▽

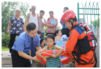 ▲ 近日,河北省邯郸市魏县人民检察院联合县消防救援大队,共同开展防溺水安全宣传活动。活动通过现场讲解真实案例、传授救援器材的使用教程、悬挂醒目警示横幅等,将安全知识送到群众身边。图为工作人员邀请小朋友现场学习救生圈使用技巧。
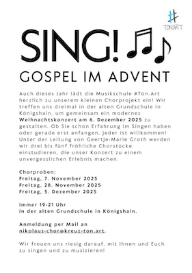 SING! Gospel im Advent - Chorprojekt und Weihnachtskonzert
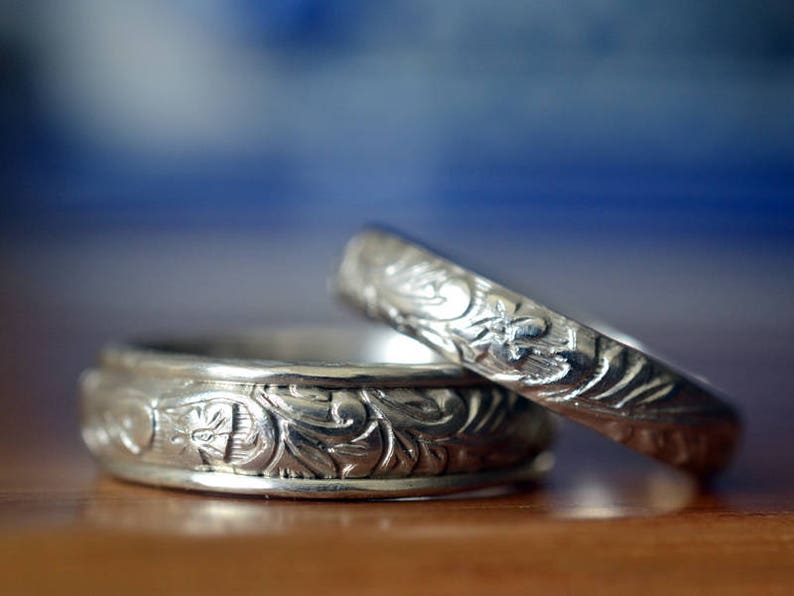 Engraved Wedding Bands His Hers Elizabethan Style Sterling Etsy

△

• PROBLEM TO SOLVE:
Transcribe the data exactly, minus any images.

• FINISHED EXERCISE:
 ▲ 近日,河北省邯郸市魏县人民检察院联合县消防救援大队,共同开展防溺水安全宣传活动。活动通过现场讲解真实案例、传授救援器材的使用教程、悬挂醒目警示横幅等,将安全知识送到群众身边。图为工作人员邀请小朋友现场学习救生圈使用技巧。
 SING! Gospel im Advent - Chorprojekt und Weihnachtskonzert
 Engraved Wedding Bands His Hers Elizabethan Style Sterling Etsy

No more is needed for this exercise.